SETELAH melacak perkembangan konsepsi manusia tentang Sang Pencipta dalam Sejarah Tuhan, kini Karen Armstrong menampilkan kajian tentang masa depan Tuhan. Dalam buku Masa Depan Agama, Sanggahan Terhadap Fundamentalisme dan Ateisme ini, Armstrong menunjukkan pembelaannya terhadap Tuhan dan agama menentang fundamentalisme dan ateisme.

Buku ini terdiri atas dua bagian utama dengan 12 pokok bahasan. Pada bagian pertama, Armstrong menunjukkan bagaimana orang-orang berpikir tentang Tuhan di dunia pramodern dalam cara yang memberi kejelasan tentang beberapa isu yang kini dirasa orang bermasalah --kitab suci, inspirasi, penciptaan, mukjizat, wahyu, iman, kepercayaan, dan misteri-- dan juga menunjukkan bagaimana agama menjadi kacau.
Tuhan sebagai Yang Maha Tinggi dan absolut tentu tidak dibatasi waktu, tak mengenal kemarin, sekarang, dan masa depan. Bahkan juga tidak terpahami oleh akal pikiran. Kita terlalu banyak berbicara tentang Tuhan akhir-akhir ini dan apa yang kita katakan sering dangkal, ungkap Armstrong.

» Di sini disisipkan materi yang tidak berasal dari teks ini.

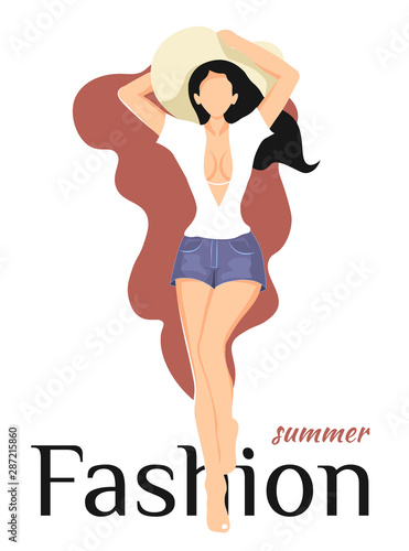 Молодая женщина, одетая в купальник, векторная иконка, изолированная на белом фоне.

Lebih lanjut, baginya agama adalah sebuah disiplin praktis yang mengajari kita menemukan kemampuan baru pikiran dan hati. Tidak ada gunanya menimbang ajaran-ajaran agama secara otoritatif untuk menilai kebenaran atau kepalsuannya sebelum menjalani cara hidup religius. Anda akan menemukan kebenaran --atau ketiadaan kebenaran-- di dalamnya dengan hanya setelah Anda menerjemahkannya ke dalam ritual atau perbuatan etis. Tak berbeda dengan setiap keterampilan, agama memerlukan ketekunan, kerja keras, dan disiplin. Sebagian orang lebih cakap dalam hal itu dibandingkan yang lain, sebagian lagi sangat tidak berbakat, dan yang lain sama sekali luput darinya (halaman 15).

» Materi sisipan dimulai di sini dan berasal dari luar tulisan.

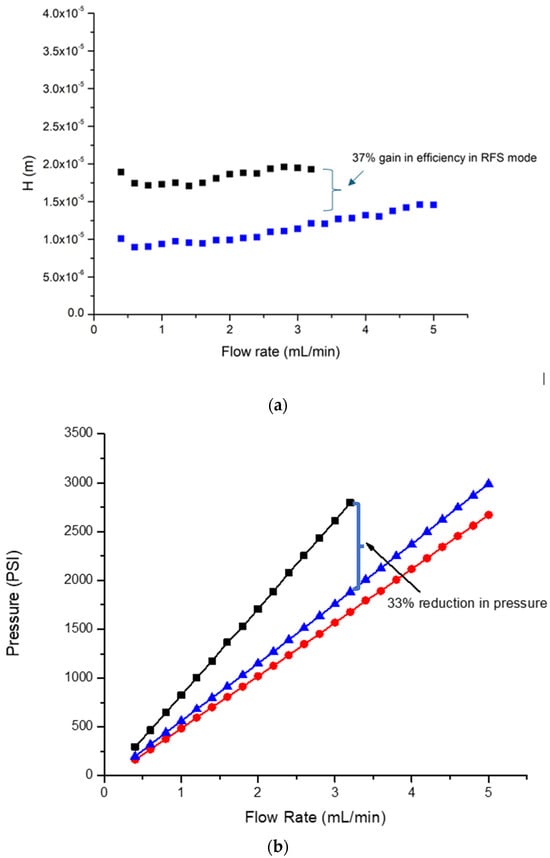 (a): HETP curves and (b) pressure vs. flow rate curves, comparing the conventional mode (black line and black markers), 15% RFS mode (red line and red markers), and 30% RFS mode (blue line and blue markers). The bracket in (a) shows the 37% gain in efficiency obtained when using RFS compared to the conventional mode. The bracket in (b) shows the 33% pressure reduction obtained when using the conventional mode and the 30% RFS mode.

Pada bagia kedua, Armstrong menelusuri kebangkitan "Tuhan Modern", yang menggulingkan begitu banyak persangkaan agama tradisional. Ini, tentu saja, tidak dapat menjadi uraian yang lengkap. Armstrong berfokus pada Kristen, sebab itu merupakan tradisi yang paling terkena dampak bangkitnya modernitas ilmiah dan juga dihantam pukulan keras dari serangan ateistik baru. Lebih jauh, di dalam tradisi Kristen, Armstrong berkonsentrasi pada tema dan tradisi yang berbicara secara langsung tentang masalah-masalah religius kontemporer kita.

Agama itu kompleks, dalam setiap zaman terdapat sejumlah aliran kesalehan. Tidak ada satu kecenderungan yang pernah berlaku sepanjang zaman. Orang mengamalkan agama mereka dalam beraneka ragam cara yang berbeda dan kontraproduktif. Tetapi, sikap diam yang khidmat dan berprinsip mengenai Tuhan dan/atau yang suci merupakan tema yang konstan tidak hanya dalam Kekristenan, tetapi juga dalam tradisi iman besar lainnya sampai kebangkitan modernitas di Barat.

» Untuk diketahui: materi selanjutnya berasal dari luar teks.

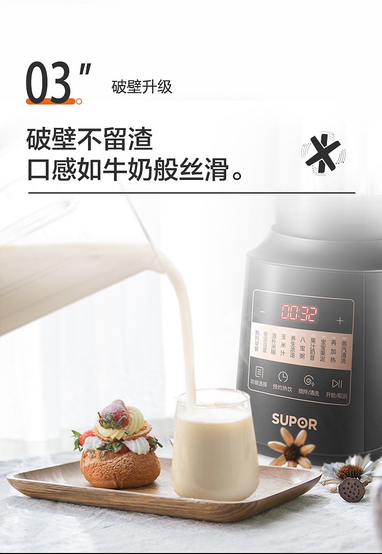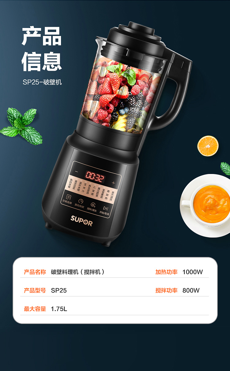 苏泊尔(SUPOR) 破壁机 低音破壁 家用智能 预约加热 破壁料 理机 榨汁机豆浆机绞肉机SP25

Orang percaya bahwa Tuhan melampaui pemikiran dan konsep kita dan hanya dapat diketahui melalui amalan yang tekun. Kita telah kehilangan wawasan tentang hal yang penting ini dan Armstrong percaya ini adalah salah satu alasan mengapa begitu sukar belakangan ini orang Barat mendapatkan konsepsi Tuhan.

Oleh karena itu, mantan biarawati ini memberikan perhatian khusus pada disiplin yang terabaikan ini dengan harapan akan memberi kita perspektif baru tentang keadaan kita saat ini. Tetapi, Armstrong tentu saja tidak menyatakan bahwa ini adalah sebuah sikap yang universal. Cukup bahwa ini merupakan unsur utama di dalam praktik yang tidak hanya mencakup kalangan Kristen, tetapi juga iman-iman monoistik dan nonteistik yan perlu kita beri perhatian.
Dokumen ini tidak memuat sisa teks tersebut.